__Task prompt__
Copy out again, unchanged, the listing below from the line that has "Chic backless dress" through the line that has "セラパレスで将軍を務めていた".

__Recorded information__
***

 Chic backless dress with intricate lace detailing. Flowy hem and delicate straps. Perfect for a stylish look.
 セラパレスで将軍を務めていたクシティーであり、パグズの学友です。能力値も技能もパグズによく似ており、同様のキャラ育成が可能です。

***

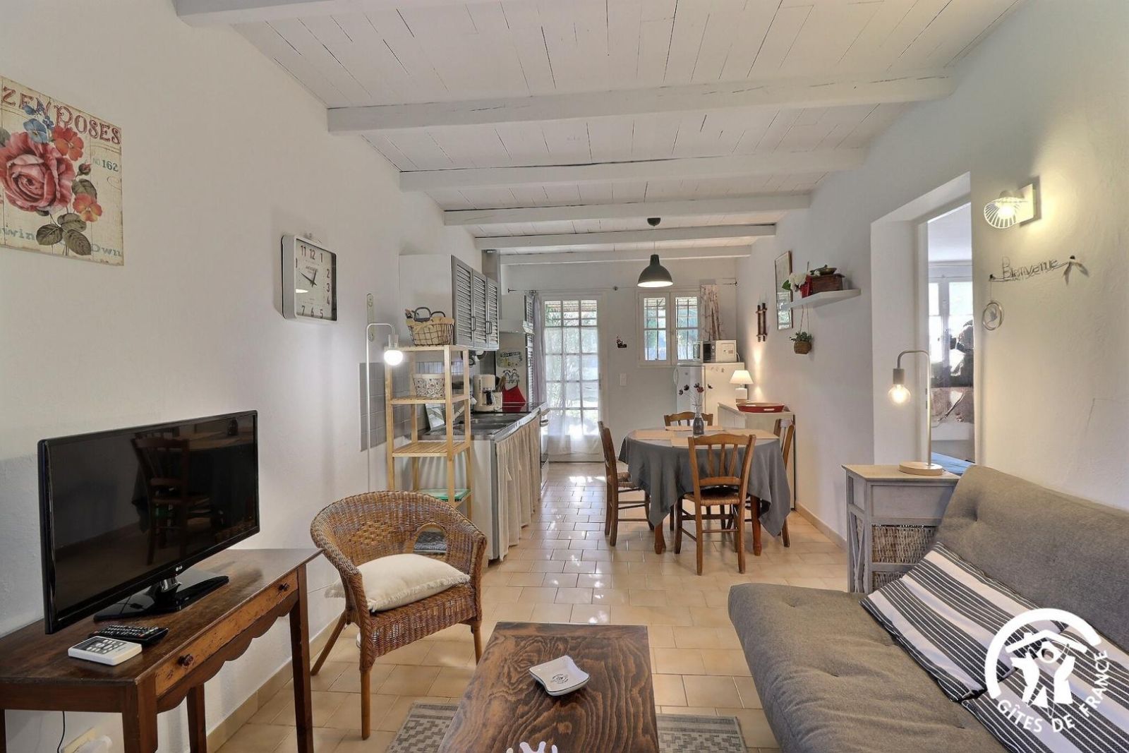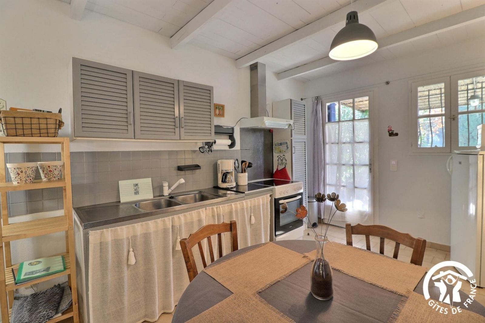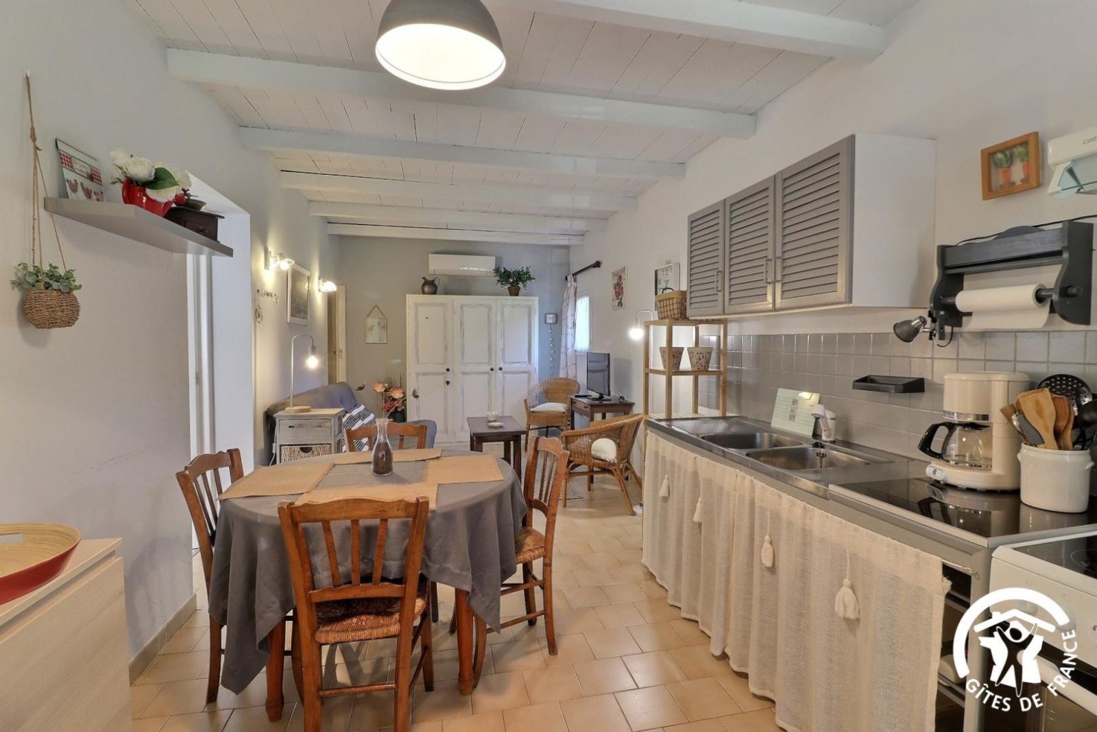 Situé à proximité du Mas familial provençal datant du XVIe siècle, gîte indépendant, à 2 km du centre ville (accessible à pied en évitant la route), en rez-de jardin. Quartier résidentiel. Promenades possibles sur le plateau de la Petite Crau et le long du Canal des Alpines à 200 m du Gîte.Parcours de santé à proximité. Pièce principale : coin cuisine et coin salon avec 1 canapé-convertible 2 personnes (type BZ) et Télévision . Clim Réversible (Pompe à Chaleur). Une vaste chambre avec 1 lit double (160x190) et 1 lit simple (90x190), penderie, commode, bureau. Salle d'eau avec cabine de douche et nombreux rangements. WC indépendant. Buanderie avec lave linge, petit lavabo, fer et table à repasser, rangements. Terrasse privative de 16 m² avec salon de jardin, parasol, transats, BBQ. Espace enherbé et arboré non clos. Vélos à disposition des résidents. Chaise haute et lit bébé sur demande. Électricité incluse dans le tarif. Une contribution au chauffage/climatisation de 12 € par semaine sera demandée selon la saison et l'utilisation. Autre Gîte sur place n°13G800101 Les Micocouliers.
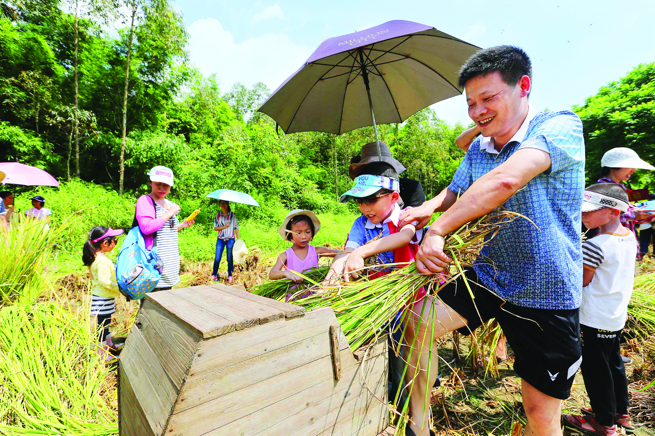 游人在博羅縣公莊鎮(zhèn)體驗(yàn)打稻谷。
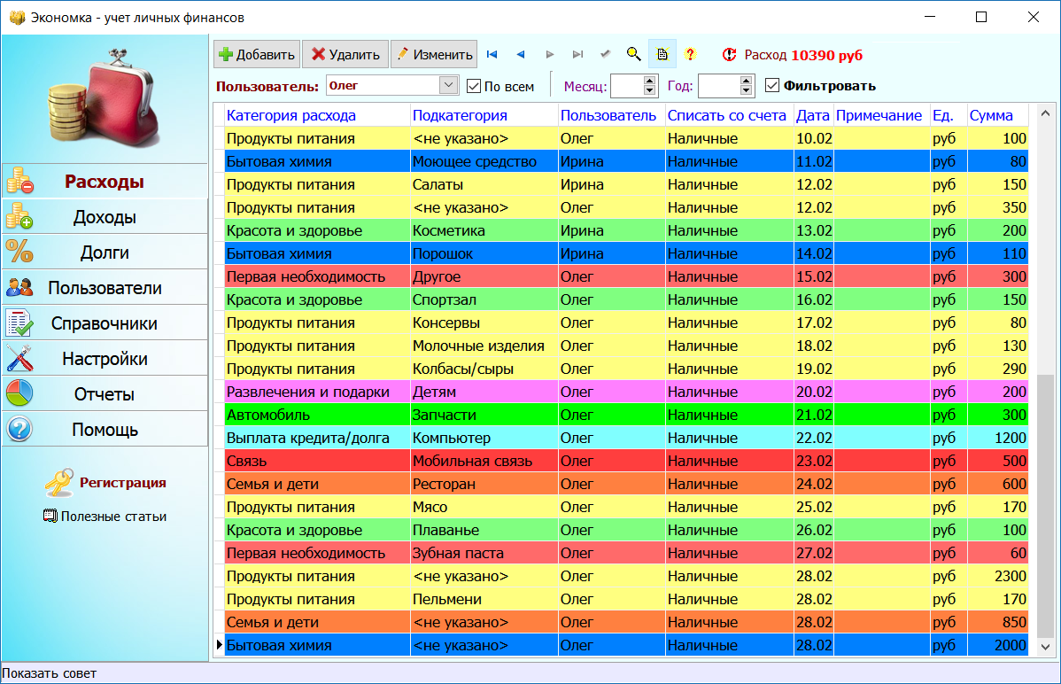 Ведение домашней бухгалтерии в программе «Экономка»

***

__Result of the task__
 Chic backless dress with intricate lace detailing. Flowy hem and delicate straps. Perfect for a stylish look.
 セラパレスで将軍を務めていたクシティーであり、パグズの学友です。能力値も技能もパグズによく似ており、同様のキャラ育成が可能です。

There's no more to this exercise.